What is needed - Return, word for word, the lines of the listing below from the one with "Recorded at Tremp's" through the one with "Cartons Réponse Feuillage", and no other lines.

Given data -
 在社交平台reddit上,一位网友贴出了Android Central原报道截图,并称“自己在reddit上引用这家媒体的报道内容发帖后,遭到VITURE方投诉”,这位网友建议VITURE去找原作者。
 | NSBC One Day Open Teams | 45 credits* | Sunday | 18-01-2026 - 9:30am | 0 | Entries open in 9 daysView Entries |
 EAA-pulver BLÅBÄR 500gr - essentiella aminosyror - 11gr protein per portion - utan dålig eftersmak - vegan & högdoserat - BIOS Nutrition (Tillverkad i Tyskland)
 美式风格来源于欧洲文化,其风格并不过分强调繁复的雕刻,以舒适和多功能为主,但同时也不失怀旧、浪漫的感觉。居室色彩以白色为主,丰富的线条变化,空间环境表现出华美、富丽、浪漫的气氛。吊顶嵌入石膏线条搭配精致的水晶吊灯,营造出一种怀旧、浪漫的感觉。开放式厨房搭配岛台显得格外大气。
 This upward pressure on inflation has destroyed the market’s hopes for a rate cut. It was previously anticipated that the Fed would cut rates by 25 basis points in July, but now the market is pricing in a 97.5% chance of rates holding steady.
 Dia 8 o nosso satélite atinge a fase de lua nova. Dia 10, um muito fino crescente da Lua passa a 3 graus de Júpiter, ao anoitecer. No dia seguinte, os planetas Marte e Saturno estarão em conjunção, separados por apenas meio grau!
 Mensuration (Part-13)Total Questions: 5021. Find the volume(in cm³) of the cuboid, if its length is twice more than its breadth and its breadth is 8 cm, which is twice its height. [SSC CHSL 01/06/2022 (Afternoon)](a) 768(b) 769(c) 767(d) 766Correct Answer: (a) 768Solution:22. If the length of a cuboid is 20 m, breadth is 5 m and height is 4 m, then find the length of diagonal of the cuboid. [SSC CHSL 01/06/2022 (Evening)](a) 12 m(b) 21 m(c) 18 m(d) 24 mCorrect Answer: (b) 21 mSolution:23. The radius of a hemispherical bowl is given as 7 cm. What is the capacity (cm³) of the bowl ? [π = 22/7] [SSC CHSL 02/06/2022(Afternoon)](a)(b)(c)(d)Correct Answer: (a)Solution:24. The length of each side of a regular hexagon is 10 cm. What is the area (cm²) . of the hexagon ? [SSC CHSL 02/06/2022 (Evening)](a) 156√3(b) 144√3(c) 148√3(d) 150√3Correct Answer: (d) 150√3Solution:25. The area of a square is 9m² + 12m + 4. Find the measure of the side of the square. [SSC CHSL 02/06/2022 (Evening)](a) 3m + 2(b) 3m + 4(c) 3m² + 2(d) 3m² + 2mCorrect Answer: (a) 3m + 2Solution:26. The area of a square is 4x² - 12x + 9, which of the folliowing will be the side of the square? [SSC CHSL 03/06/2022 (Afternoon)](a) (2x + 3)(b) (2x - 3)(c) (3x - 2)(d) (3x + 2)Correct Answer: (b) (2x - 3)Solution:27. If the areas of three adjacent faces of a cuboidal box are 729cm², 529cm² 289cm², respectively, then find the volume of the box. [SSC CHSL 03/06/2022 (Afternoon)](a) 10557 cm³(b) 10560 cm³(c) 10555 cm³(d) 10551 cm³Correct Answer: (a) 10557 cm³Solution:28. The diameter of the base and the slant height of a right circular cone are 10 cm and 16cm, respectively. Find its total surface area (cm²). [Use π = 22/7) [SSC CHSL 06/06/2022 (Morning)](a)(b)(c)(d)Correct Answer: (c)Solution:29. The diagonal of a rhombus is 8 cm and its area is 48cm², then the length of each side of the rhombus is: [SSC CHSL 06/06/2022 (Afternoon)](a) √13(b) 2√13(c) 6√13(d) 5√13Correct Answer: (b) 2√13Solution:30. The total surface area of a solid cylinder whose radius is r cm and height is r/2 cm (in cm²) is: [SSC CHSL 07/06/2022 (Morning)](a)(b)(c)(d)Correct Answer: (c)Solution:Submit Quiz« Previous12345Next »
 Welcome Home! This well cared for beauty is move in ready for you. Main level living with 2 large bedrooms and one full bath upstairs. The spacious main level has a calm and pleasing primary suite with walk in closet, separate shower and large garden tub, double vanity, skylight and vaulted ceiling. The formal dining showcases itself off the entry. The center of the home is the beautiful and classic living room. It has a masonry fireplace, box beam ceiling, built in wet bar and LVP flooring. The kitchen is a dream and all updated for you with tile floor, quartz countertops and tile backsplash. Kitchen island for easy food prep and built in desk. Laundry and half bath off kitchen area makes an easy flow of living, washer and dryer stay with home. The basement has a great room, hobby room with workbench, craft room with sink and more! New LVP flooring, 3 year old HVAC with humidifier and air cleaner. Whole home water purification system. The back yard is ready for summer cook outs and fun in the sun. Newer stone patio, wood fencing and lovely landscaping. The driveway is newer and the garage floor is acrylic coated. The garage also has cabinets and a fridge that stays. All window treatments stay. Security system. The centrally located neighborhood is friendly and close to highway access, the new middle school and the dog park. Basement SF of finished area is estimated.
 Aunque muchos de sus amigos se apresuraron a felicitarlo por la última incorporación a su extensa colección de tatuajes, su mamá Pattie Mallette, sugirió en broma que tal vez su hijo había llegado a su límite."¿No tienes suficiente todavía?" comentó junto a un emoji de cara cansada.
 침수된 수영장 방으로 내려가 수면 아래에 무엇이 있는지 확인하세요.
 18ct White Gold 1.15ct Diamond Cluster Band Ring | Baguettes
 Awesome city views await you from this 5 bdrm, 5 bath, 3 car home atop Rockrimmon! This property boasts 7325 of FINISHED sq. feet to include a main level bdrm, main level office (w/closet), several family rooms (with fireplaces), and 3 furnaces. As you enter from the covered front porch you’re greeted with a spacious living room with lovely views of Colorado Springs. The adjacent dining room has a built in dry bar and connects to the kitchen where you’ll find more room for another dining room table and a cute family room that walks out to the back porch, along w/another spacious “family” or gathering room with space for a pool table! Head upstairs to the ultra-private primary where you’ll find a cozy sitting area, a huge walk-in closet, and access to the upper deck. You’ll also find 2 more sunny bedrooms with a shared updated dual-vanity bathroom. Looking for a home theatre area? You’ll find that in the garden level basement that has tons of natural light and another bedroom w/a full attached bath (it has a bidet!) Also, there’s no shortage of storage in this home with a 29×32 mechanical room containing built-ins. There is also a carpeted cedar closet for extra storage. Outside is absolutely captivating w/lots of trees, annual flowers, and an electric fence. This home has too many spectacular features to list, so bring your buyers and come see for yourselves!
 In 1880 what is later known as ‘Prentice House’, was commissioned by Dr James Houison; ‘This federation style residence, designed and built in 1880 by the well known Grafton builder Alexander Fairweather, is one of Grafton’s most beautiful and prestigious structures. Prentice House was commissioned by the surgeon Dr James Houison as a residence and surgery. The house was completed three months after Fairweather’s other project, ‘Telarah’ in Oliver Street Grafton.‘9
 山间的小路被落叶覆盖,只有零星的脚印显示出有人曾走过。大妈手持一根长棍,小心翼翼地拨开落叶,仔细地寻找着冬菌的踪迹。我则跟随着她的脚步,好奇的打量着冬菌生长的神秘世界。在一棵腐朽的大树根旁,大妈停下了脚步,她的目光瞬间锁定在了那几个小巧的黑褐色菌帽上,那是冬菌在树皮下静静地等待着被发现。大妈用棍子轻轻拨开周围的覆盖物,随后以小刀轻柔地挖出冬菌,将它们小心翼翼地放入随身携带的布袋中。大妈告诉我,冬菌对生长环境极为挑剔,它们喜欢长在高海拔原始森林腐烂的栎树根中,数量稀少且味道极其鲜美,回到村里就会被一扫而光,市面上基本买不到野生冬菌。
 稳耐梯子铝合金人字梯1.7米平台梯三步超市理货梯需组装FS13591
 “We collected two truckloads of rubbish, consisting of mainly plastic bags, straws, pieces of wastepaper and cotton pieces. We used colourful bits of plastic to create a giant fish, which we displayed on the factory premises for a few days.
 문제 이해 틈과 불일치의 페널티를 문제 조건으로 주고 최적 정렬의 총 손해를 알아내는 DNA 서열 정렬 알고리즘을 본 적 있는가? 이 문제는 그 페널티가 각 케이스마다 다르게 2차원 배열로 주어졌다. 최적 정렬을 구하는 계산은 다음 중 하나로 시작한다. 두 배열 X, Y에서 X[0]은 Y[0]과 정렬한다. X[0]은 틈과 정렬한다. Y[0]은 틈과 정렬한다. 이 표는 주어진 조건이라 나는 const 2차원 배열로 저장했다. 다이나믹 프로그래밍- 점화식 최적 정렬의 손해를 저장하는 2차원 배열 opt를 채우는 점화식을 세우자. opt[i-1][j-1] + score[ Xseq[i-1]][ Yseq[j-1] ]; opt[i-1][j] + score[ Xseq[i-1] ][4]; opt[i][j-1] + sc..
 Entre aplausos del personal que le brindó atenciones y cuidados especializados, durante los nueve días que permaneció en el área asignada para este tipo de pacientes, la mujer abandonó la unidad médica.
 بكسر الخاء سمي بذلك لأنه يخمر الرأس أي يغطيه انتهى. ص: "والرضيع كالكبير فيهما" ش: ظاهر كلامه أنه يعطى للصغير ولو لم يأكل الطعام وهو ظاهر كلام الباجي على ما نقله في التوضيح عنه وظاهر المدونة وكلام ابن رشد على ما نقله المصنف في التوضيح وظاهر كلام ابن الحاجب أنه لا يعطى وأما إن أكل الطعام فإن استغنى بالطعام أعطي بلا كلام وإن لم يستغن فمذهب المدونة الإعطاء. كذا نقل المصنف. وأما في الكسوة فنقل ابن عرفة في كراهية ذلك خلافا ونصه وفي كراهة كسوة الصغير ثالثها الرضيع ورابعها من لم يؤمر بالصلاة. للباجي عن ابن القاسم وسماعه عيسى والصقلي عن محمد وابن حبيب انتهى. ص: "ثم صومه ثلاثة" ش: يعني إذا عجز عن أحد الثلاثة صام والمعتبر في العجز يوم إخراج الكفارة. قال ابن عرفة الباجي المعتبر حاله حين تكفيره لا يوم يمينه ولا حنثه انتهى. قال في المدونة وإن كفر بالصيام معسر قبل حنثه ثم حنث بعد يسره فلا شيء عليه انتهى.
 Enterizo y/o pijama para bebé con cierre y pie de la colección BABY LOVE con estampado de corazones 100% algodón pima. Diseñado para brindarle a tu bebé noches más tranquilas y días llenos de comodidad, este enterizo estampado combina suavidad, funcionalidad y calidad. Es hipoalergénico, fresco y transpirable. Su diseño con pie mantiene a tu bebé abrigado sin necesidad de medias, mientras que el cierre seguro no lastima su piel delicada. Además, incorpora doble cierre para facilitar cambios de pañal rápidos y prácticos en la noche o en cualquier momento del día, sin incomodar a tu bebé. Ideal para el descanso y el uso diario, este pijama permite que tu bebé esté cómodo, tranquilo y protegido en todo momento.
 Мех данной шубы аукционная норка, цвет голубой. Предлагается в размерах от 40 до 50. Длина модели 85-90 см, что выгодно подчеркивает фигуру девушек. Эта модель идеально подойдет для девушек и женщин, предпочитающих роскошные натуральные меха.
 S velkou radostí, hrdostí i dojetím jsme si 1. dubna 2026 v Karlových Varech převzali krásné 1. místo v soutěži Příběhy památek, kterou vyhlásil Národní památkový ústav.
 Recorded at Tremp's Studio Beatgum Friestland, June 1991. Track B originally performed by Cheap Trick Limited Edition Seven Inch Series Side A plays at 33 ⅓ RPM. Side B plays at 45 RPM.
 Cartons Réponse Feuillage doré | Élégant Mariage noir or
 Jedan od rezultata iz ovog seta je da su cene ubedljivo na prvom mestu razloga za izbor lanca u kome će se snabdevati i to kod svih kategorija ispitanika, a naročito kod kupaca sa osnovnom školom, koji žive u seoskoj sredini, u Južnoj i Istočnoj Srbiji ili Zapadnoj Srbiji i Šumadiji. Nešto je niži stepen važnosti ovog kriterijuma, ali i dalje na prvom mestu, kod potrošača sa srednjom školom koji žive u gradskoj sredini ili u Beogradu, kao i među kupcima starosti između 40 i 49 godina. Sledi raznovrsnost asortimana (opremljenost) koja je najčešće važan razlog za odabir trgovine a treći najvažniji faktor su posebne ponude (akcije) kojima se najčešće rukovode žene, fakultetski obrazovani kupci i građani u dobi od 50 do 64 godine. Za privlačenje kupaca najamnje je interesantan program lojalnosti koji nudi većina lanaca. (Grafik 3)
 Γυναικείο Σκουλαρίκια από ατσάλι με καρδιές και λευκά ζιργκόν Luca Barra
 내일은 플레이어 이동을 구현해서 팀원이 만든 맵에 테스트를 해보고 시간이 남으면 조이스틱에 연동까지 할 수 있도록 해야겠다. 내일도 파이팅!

Finished exercise -
 Recorded at Tremp's Studio Beatgum Friestland, June 1991. Track B originally performed by Cheap Trick Limited Edition Seven Inch Series Side A plays at 33 ⅓ RPM. Side B plays at 45 RPM.
 Cartons Réponse Feuillage doré | Élégant Mariage noir or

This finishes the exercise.